Vagotomy, which interrupts neurotransmission from oxygen-sensing cells in the aorta (aortic bodies) but not from the carotid body, did not affect the augmentation of phrenic nerve activity in response to an acute hypoxic stimulus in wild-type mice, whereas in HET mice, phrenic nerve activity in response to hypoxia was lost, suggesting that acute O2 sensing in HET mice was principally mediated by aortic bodies, whereas the carotid bodies performed this function in wild-type mice.
Single fibre recording of sinus nerve activity from carotid bodies isolated from HET mice revealed a complete loss of neural activity in response to hypoxia. In contrast, sinus nerve activity stimulated by cyanide application was identical in wild-type and HET mice, as was carotid body histology, including glomus cell morphometry.
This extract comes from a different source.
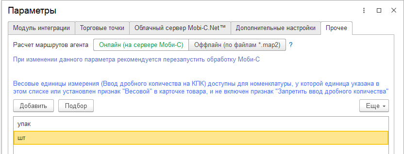 Единица добавлена в список в настройках Моби-С, вкладка Сервис ⇒ кнопка Параметры ⇒ вкладка Прочее.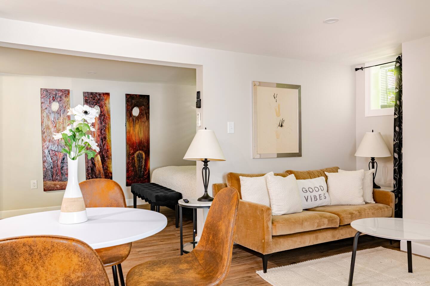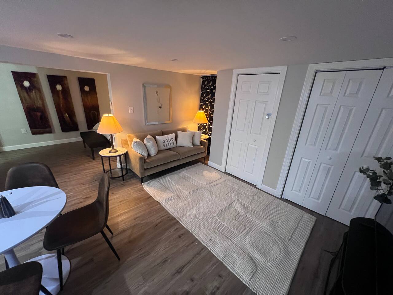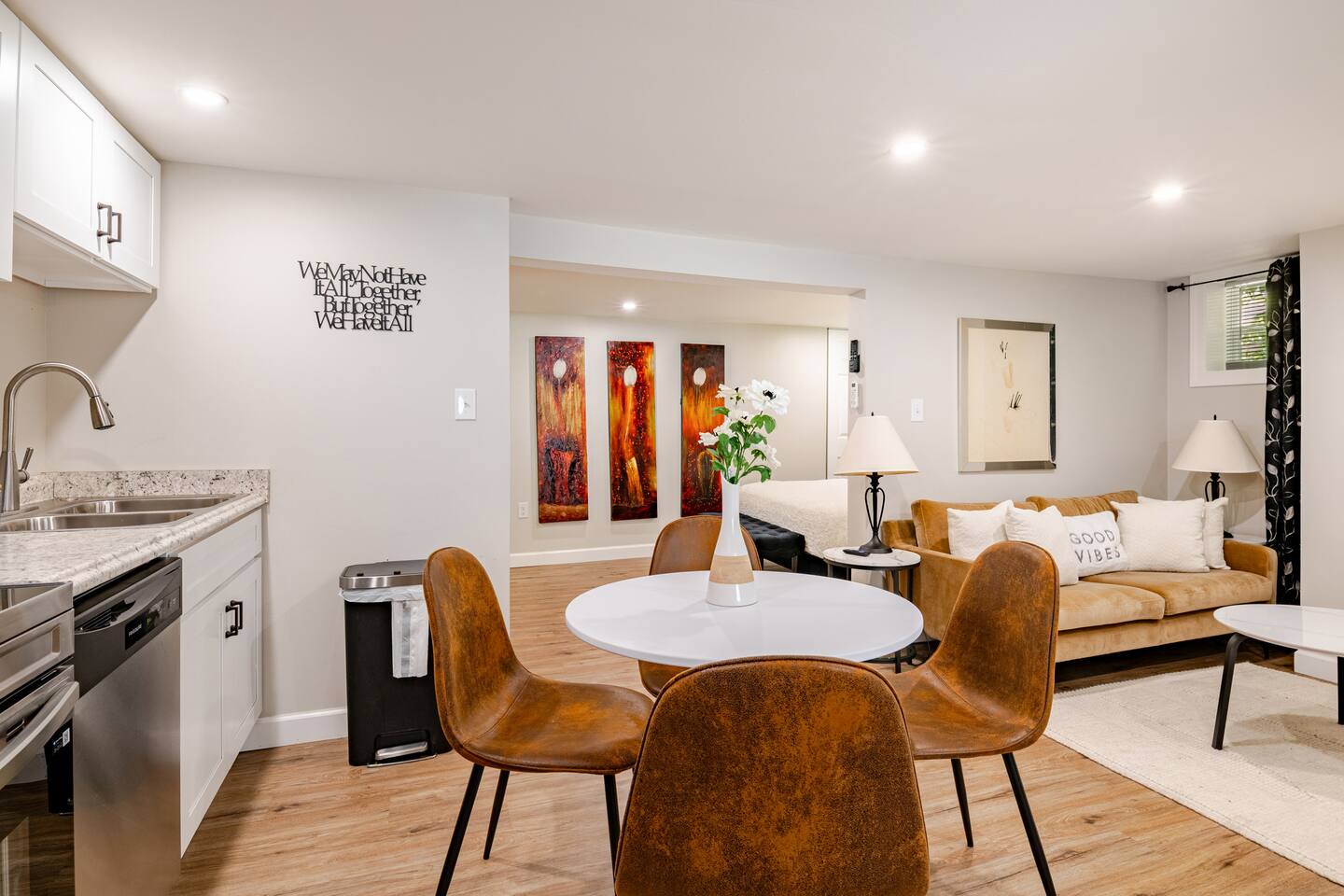 Guests have full access to the entire unit during their stay. You’ll receive simple self-check-in instructions and a unique door code before arrival for a smooth, contactless entry. Full kitchen washer dryer adjacent on the same level. private entrance private full bath, perfect for single travelers or couples

Thus, partial HIF-1 deficiency results in a specific and virtually complete loss of carotid body oxygen sensing and/or signal transduction. In HET mice, aortic bodies compensate for the lack of carotid body function, similar to the recovery of oxygen sensing that is observed after carotid denervation. Thus, the carotid bodies are particularly dependent upon normal levels of HIF-1 expression for their physiological function as arterial oxygen sensors.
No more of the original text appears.